[Dataset excerpts]
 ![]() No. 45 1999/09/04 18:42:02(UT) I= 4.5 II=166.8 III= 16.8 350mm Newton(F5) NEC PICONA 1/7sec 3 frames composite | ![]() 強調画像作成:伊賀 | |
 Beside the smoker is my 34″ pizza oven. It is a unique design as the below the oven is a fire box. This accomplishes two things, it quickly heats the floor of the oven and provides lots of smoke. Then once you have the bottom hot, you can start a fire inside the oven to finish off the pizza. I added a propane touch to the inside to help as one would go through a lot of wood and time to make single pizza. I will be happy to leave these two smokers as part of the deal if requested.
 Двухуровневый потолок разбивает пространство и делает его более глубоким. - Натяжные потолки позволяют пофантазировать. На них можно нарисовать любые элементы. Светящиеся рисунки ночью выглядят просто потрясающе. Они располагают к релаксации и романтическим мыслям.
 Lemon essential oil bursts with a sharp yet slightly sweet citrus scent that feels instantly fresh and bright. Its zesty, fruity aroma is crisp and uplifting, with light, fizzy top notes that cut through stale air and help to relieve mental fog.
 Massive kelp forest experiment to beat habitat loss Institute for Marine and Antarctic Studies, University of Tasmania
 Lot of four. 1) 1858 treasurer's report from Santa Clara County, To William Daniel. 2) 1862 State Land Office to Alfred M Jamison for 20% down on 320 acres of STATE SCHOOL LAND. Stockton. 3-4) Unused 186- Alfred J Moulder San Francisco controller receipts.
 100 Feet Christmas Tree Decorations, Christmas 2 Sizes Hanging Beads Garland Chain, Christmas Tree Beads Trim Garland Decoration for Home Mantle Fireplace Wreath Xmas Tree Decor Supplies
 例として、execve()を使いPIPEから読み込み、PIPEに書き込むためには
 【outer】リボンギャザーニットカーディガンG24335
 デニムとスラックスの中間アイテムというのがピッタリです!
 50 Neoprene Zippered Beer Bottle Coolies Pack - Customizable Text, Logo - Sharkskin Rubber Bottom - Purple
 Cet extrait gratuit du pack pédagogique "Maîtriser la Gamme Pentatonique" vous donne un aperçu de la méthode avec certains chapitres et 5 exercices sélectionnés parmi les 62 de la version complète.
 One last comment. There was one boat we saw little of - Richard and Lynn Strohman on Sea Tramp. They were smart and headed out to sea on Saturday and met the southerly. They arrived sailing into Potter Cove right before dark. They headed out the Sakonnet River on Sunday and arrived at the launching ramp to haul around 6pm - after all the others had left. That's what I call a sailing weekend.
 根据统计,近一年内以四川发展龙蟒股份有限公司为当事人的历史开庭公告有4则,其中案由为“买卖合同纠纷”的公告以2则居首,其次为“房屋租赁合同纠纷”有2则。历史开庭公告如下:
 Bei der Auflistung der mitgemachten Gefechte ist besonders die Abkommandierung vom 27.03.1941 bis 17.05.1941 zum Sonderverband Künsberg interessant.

__WHAT YOU NEED TO DO__
When you reach the line containing "Cet extrait gratuit" in the data above, retype it and each line after it through the final one, exactly as written.

__RESPONSE TO THE EXERCISE__
 Cet extrait gratuit du pack pédagogique "Maîtriser la Gamme Pentatonique" vous donne un aperçu de la méthode avec certains chapitres et 5 exercices sélectionnés parmi les 62 de la version complète.
 One last comment. There was one boat we saw little of - Richard and Lynn Strohman on Sea Tramp. They were smart and headed out to sea on Saturday and met the southerly. They arrived sailing into Potter Cove right before dark. They headed out the Sakonnet River on Sunday and arrived at the launching ramp to haul around 6pm - after all the others had left. That's what I call a sailing weekend.
 根据统计,近一年内以四川发展龙蟒股份有限公司为当事人的历史开庭公告有4则,其中案由为“买卖合同纠纷”的公告以2则居首,其次为“房屋租赁合同纠纷”有2则。历史开庭公告如下:
 Bei der Auflistung der mitgemachten Gefechte ist besonders die Abkommandierung vom 27.03.1941 bis 17.05.1941 zum Sonderverband Künsberg interessant.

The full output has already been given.